IdaDown · 09/10/2018 07:24

Not good. Demoralising for low achieving pupils. Bad for confidence, moral etc... I’d send an email to HOY and cc Head. Not good practice in this day and age. Absolutely no need to do this - unless their aim is to make pupils feel bad about themselves.

rainingcatsanddog · 09/10/2018 07:35

Our school tells them highest /lowest mark but don't announce individual scores. The teacher sometimes strongly hints at who got the highest score.

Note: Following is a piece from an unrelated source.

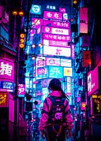 Cyberpunk neon Tokio, Sci-fi anime girl art, Futuristische cyberpunk esthetiek, Neon vaporwave kunstwerk, Surreële cyberpunk stad, Japanse cyberpunk kunst, Futuristisch neon stadslandschap, Cyberpunk spirituele reis

GetOnYerBike · 09/10/2018 07:58

Like raining they get told the top mark and the bottom so the children know where they are but they never get the children to tell the class their mark.

They also get told if most people got around X mark and only a few achieved the very high mark.

In primary they are allowed to not say it aloud, instead they say bananas and tell the teacher privately but this is when they mark their own maths tests.

diplodocus · 09/10/2018 14:32

Thanks - was wondering if I was being a snowflake about this. I went to school back when God was a boy and corporal punishment, low grade sexual harrassment and humiliation were the norm, but even then our teachers didn't do this. Some of her teachers just highlight those who've done well - either compared to the rest of the class, or have shown improvements on their earlier work, and I think that's fine. I think I will definitely look for a forum to raise this.